Warmup
Detecting people and objects in a scene sequence is really tough. With AI, we have an opportunity to speed up this kind of work.
Below, this is a scene from the movie "George" directed by David Coudyser and where I am the co-producer with David:
On this scene, we need to outline each actor in every frame. It will be painful to do that manually to have this :
Most tools and software already feature this kind of selector. For most of them, they use complex algorithms to performs this
Here, we don't have to do that, we just need to "describe" what we want to track, like an "actor" or a "boom".
Using AI in this context could be very helpful.
For a prototype, we will use OpenCV (for the video and frame management) and particularly the YOLO model from Ultralytics, we can outline each described element (eg. objects, people, animals) as follows; Here we track a "person" :
This is a sample output from our program below, it is not perfect - we need to customize some values and parameters (confiance, new_track_thresh, etc.), but we have a good first step for the next stages.
The source code
First at all, we need to install opencv library and ultralytics library :
And this is the source code using OpenCV for the video/frame part and Ultralytics / YOLO for the AI part
This code follows this steps :
- Read the input video file
- Read each frame
- Feed them into the AI model
- Get the results which are all detected "objects"
- Draw a polygon around each "object"
- Finally, write the output video file including the polygons
Let's take a look at part of the source code!
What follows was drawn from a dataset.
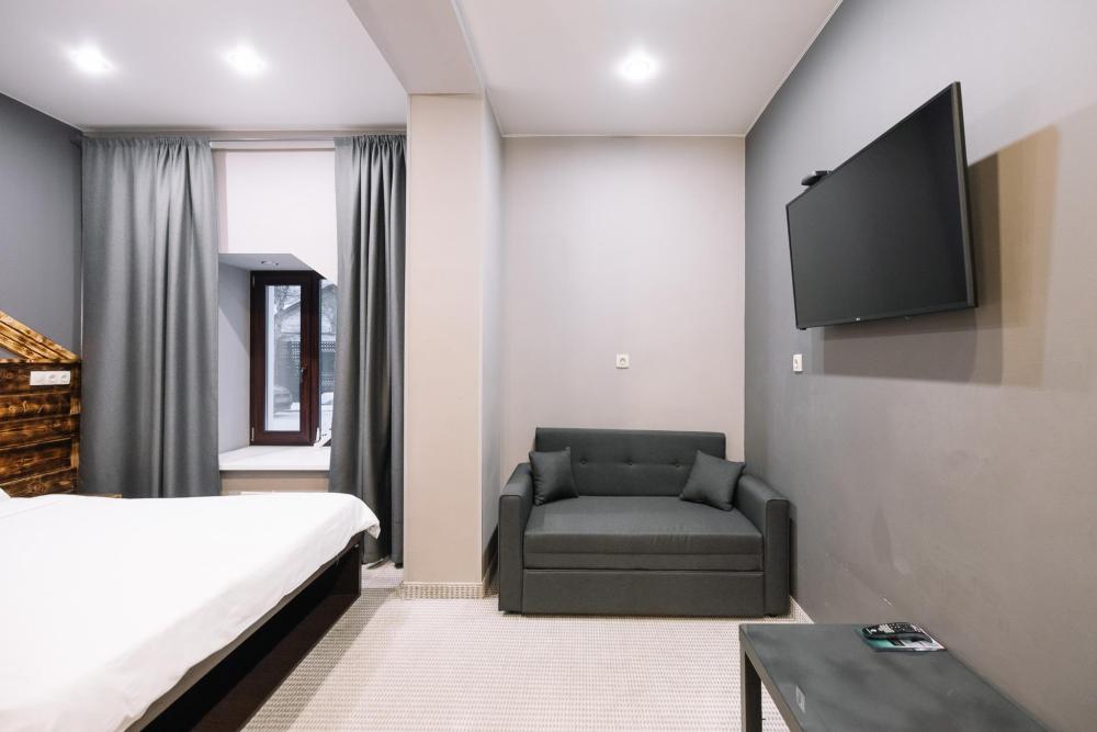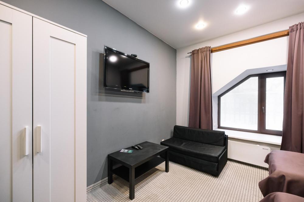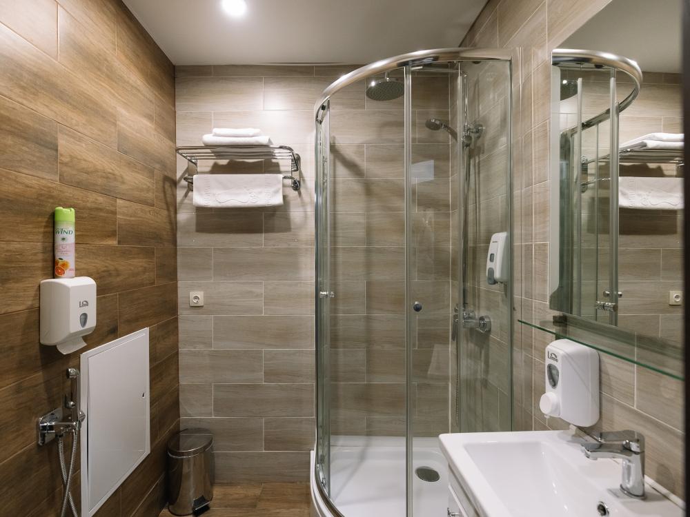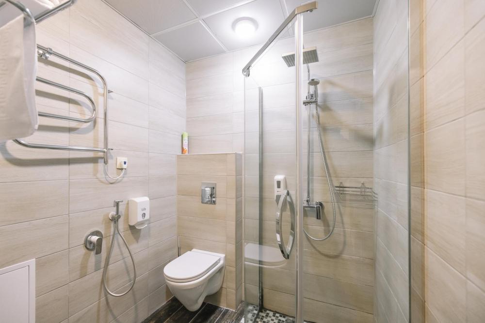 Просторный двухместный номер. Оснащен душевой кабиной, санузлом и гигиеническим душем, в номере имеется раскладной диван, который при необходимости трансформируется в дополнительное спальное место. Номер оборудован большим телевизором. Интерьер номера выдержан в спокойных, нейтральных тонах, создающих атмосферу уюта и расслабления. Мягкое освещение, шторы блэкаут и удобная мебель способствуют полноценному отдыху после насыщенного дня. Вместительный шкаф с вешалками и полками. В ванной комнате гостям предоставляются мягкие полотенца, тапочки, набор косметических принадлежностей и фен. На полу – ковровое покрытие, приятное на ощупь и обеспечивающее дополнительную звукоизоляцию. Небольшой журнальный столик, где можно удобно расположиться с чашкой чая или книгой. Система климат-контроля позволяет поддерживать комфортную температуру в любое время года. Бесплатный Wi-Fi обеспечивает надежный доступ в интернет, позволяя оставаться на связи с родными и близкими или решать рабочие вопросы. Уборка в номере производится ежедневно, обеспечивая чистоту и порядок. Пребывание в этом номере станет прекрасным дополнением к любой поездке, будь то деловая командировка или долгожданный отпуск. Здесь созданы все условия для того, чтобы гости чувствовали себя как дома, наслаждаясь комфортом и высоким уровнем сервиса.
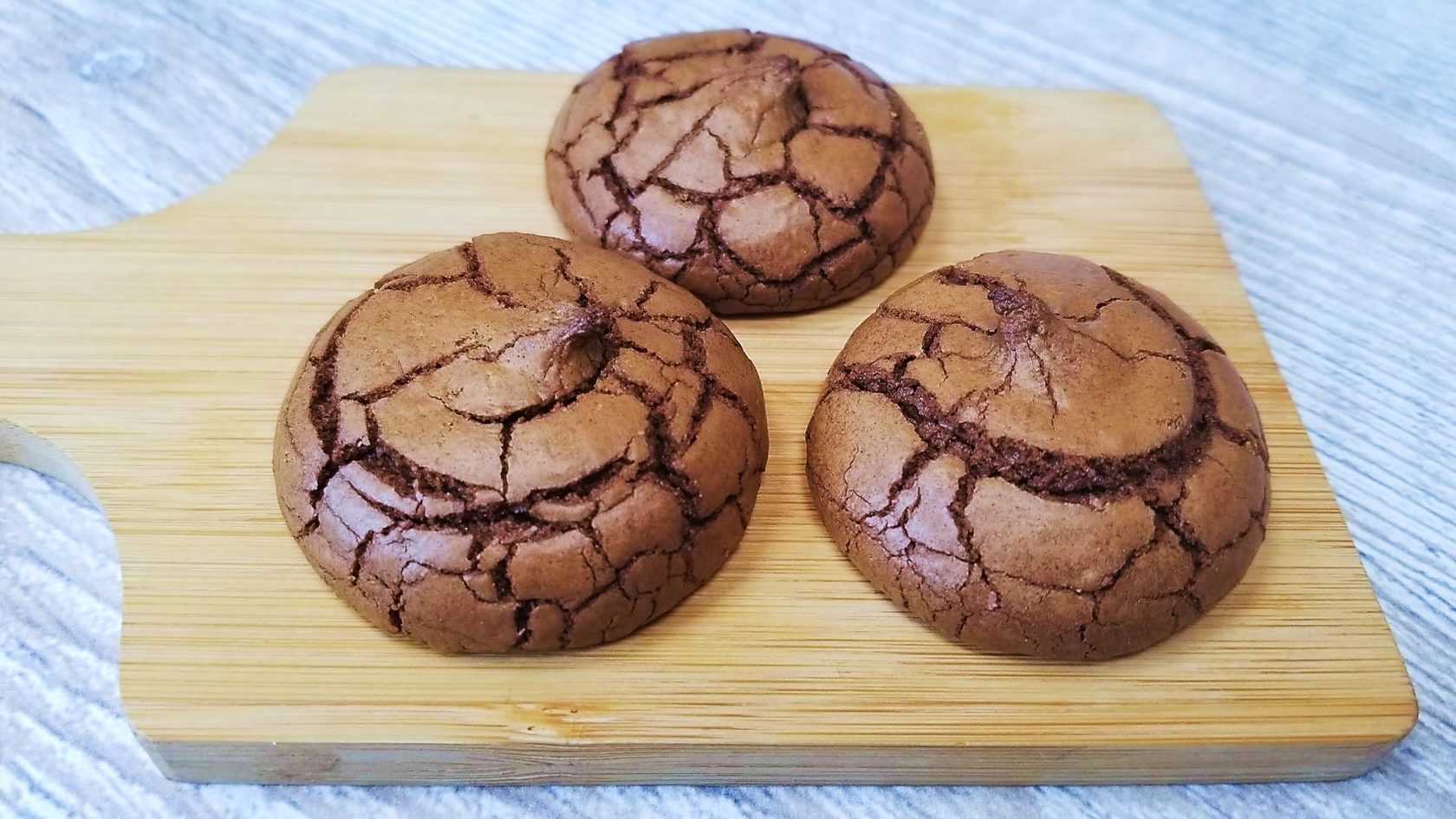 Мраморное шоколадное печенье с трещинками готово, нежнейшее внутри, с рассыпчатой верхушкой, покрытой тонкой сахарной корочкой.

You will study some important parts on this source code starting with the YOLO's function model.track :
YOLO is the main class that it loads our model and returns a handler (here model). You can use directly model(content) but you won't get tracking information - only detection data.
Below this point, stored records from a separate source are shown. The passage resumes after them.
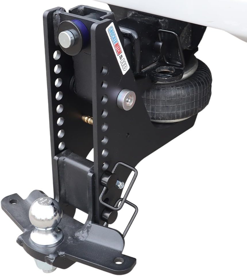 The Shocker HD Max Black Super Drop Air Drop Hitch is a must-have towing solution, specifically designed for trucks with a ground clearance of at least 22 inches from the ground to the bottom of the receiver tube. If trailer sway is an issue, here is the solution. The drop mount has sway bar mount tabs, and the air ride system absorbs the bumps, bangs, tugs, jerks & sways. Get a smoother, safer towing setup. This high-clearance requirement makes it ideal for lifted pickups or vehicles with leveling kits, providing enhanced towing stability and comfort. The hitch features an integrated air ride system that filters road shock, ensuring a smoother ride when towing heavy trailers or campers.With a 20,000 lbs towing capacity and 2,000 lbs tongue weight, the Shocker HD Max Super Drop is built for heavy-duty towing needs. The adjustable drop ball mount provides a drop range of 4-1/2" to 12-1/2", offering flexibility for various towing setups. The hitch comes with either a 2" or 2-5/16" hitch ball. It also includes welded sway control tabs for compatibility with basic friction sway control systems, which helps minimize trailer sway for a more controlled and stable towing experience. The matte black powder-coated frame ensures durability and corrosion resistance, keeping the hitch looking great for years.Manufactured in the USA by Shocker Hitch® in Jamestown, ND, this air ride hitch mounts into 2", 2-1/2", or 3" receiver tube. It?s designed to serve as a "mini air suspension unit" between your truck and trailer, providing a smoother, more comfortable towing experience while reducing stress on both the truck and trailer. For anyone with a lifted truck or those seeking a more controlled and stable towing experience, the Shocker HD Max Black Super Drop Air Drop Hitch is an essential upgrade.Note: The sway control tab mount is designed to work with the Shocker Friction Sway kit or a similar friction sway control kit, which is not include
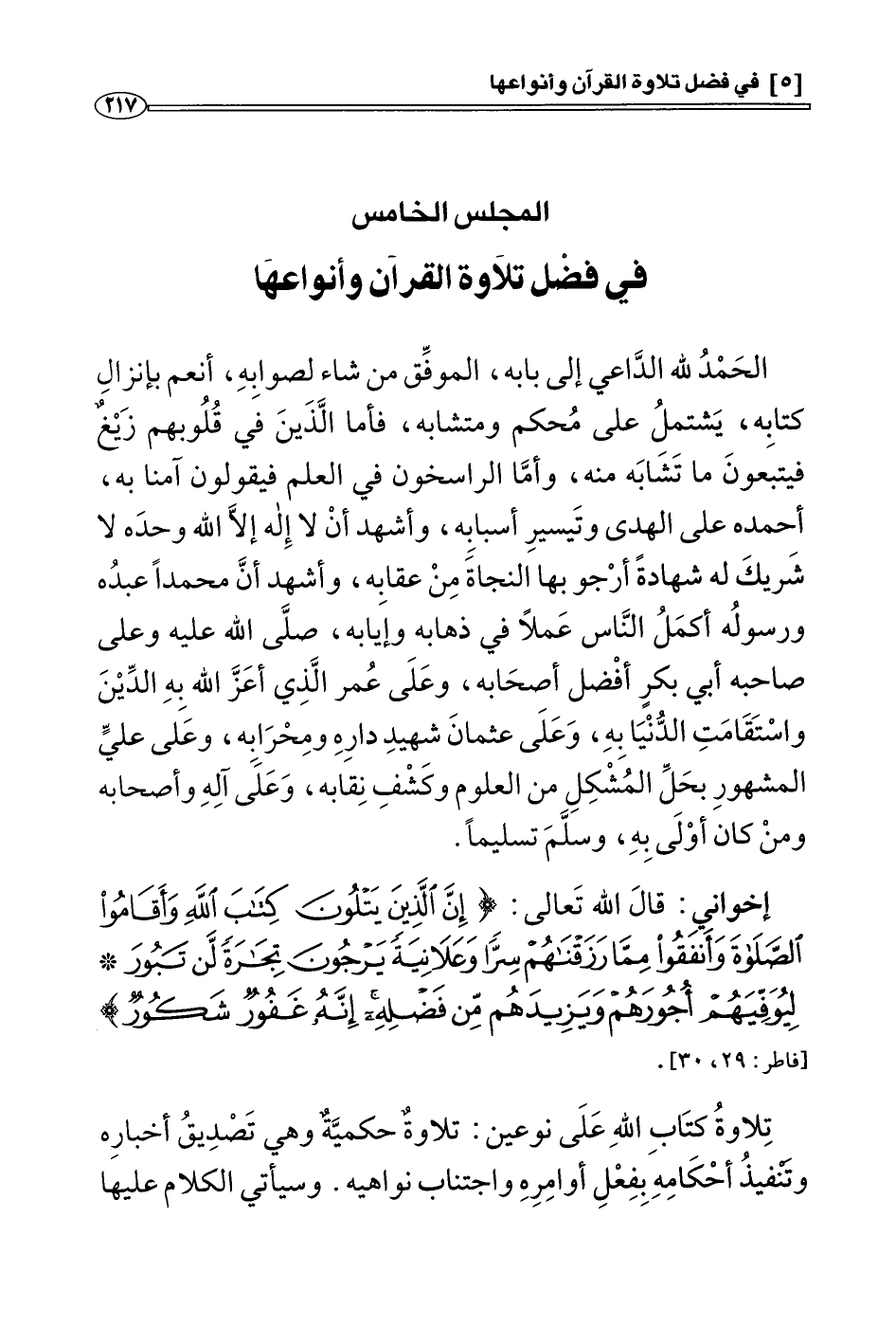 المجلس الخامس: في فضل تلاوة القرآن وأنواعها
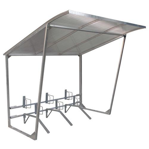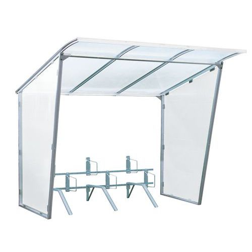 - Fietsenstalling met halfdoorzichtig dak van polycarbonaat.

Don't worry about the model file yolov8n-seg.pt, the YOLO library will download automatically the selected model. Note that's important to use the 'seg' model. The file size of this model is only few Megabytes.
For our use case, we use the track function :
frame in track is the source of the data: our frame data. Here, we store the buffer of the frame previously fetched by the OpenCV read function :
track function returns a complete data structure which contains boxes and masks arrays (and many other values and methods)
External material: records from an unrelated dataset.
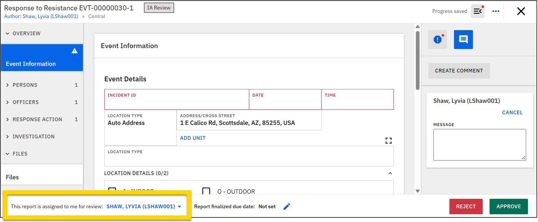 - View: Reports or case tasks that can be viewed but not edited because they are currently in review or already finalized
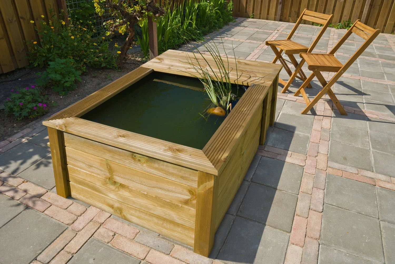 De vijverrand Quadro Wood 3 van Ubbink is een vijverset die bestaat uit een houten vijverrand en vijverfolie. De terrasvijver met geïntegreerde filterkast is geschikt voor Victoria Quadro 6.
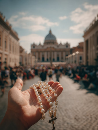 A hand displays a rosary while St Peters Basilica looms in the background, filled with visitors and bathed in warm sunlight on a clear day.
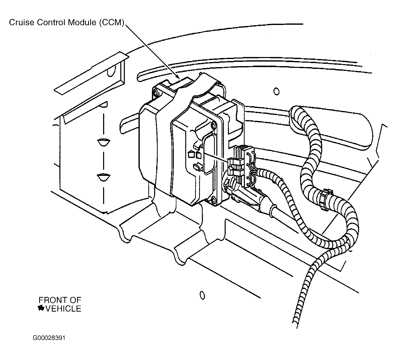| Cruise Control Module (CCM) | On right side of engine compartment. See Figure. |
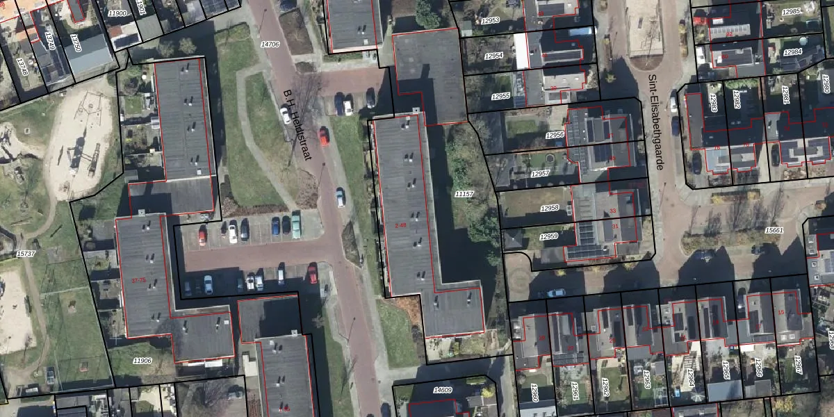 Het perceel waarop B.H. Heldtstraat 38 staat heeft een oppervlakte van 3050 m². Dit is een zeer groot perceel. De perceeloppervlakte wordt geregistreerd door het Kadaster. Gedetailleerde informatie over de maten van dit perceel kunt u vinden in het rapport Kadastrale kaart met maatvoering van B.H. Heldtstraat 38.
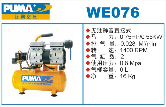 Giant bully puma air compressor WE125A 125076130 silent oil-free direct air compressor cheer
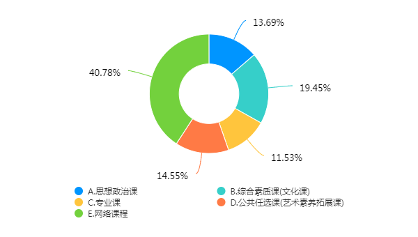 满意度最高和最低的课程类别。66.66%的学生对专业课程满意度最高,40.78%的学生对网络课程满意度最低,说明线上课程提升空间仍然很大,学校仍需注重信息化条件的教学改革,进一步激励教师建设高质量精品在线开放课程。
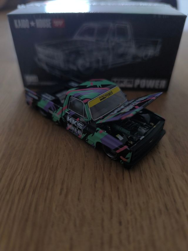 Miniatura de colecionador Kaido House Silverado HKS V1. - Design exclusivo com padrão camuflado. - Detalhes HKS Power. - Capô abre.
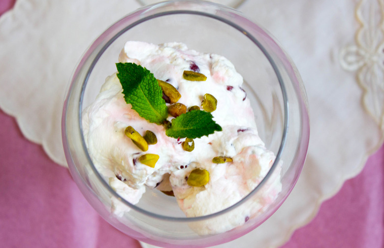 Sweet cream whipped and swirled with white chocolate, crunchy pistachios, and sweet pomegranate seeds.—The Hungary Buddha
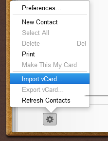 On MAC OS you can just drag & drop the vcard file to the iCloud address book in your browser.
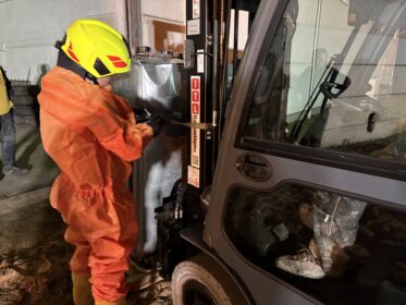 Bei Arbeiten stürzte ein Heizöltank (600L Fassungsvermögen) um. Dabei liefen ca. 100L Heizöl ins Erdreich und in den Verkehrsraum. Durch die Feuerwehr wurde das ausgelaufene Heizöl eingedämmt. Ebenso wurde die Bergung des Tanks übernommen.

Normally, results stores each frame. Here, OpenCV reads a frame and feeds it to the track function. In this case, the results stores only one frame.
All we need is in the arrays in the results such as .boxes and .masks :
Each array follows a rule: indexes are linked between arrays :
Which we can translate as :
| Object ID | Object Type | Confiance |
|---|---|---|
| 1 | 0 (person) | 0.8144 |
| 2 | 0 (person) | 0.8274 |
So, if we need to work with each detected "object", we can do that :
With this code, the output will contain everything we need :
tracker.yml
The configuration file isn't mandatory with YOLO. We use it only to optimize some part of the detection and processing. Parameters and descriptions are available here.
This configuration is based on the original configuration file available here.
Using YOLO without OpenCV ?
Yes, that's possible: remember, track function requires a source. In the previous example, our source is the frame content but the source can also be a video directly. In this case, the variable results store each frame of the video :
The output of this program will be :
As you can see, we have a full access to the data frame via the orig_img variable, as well as to the .boxes and .mask variables. Therefore, the "rule of indexing" is the same as those seen in the previous chapter.
So, you have two different methods to do the same thing :
- Read the frame via OpenCV, process the tracking via YOLO, and then the draw polygons via OpenCV,
- Read the frame via YOLO, process the tracking via YOLO, and draw the polygons using another library (or your own method)
- (plot twist with the 3rd method) Read the frame using another video management library (such as ffmpeg), process the tracking via YOLO, etc.
Conclusion
As I said, this code isn't perfect (and yes, it's even a bit ugly). As you probably saw in the sample output video, some people are not detected in a few frames. It's mainly a prototype, a first draft. Therefore, it's normal to have this kind of issue at this stage.
To improve the processing, we could investigate technical options such as :
- First at all, we use the v8 YOLO model, Ultralytics has released newer models. We probably need to use a fewer version;
- Second, we need to adjust some parameters to improve the detection (see the tracker configuration).
- And finally, to boost performance, you also can "train" one of the YOLO models to increase the model's accuracy.
Using YOLO here is just an example. Many other models exist and work well too and are available in the Hugging Face Hub :
In its current state, with few modifications, the code inside of the program above could be used as a first step in organizing your daily rushes (dailies). (but we need to remove some unnecessary code for this case, such as the masks and the writing process and we only need to get the name of the "object" detected (class) for the classification).
Footnotes
- For archives: app_with_opencv.py, app_without_opencv.py, app.yolo.tracker.yml, yolov8n-seg.pt
- The Ultralytics website contains many new models you can use. Here, we use only the v8.
- Track() function documentation needed to track each object with an ID.
- Tracker file documentation and all informations about each parameters available to optimize detection and process.
- The github repository for ultralytics source code.
- If necessary, this is the direct link to yolov8n-seg.pt model file published by Ultralytics and stored into github repository.
- Hugging Face Hub: Image segmentation models, Object detection models, Keypoint detection models
A And some now use AI models as well.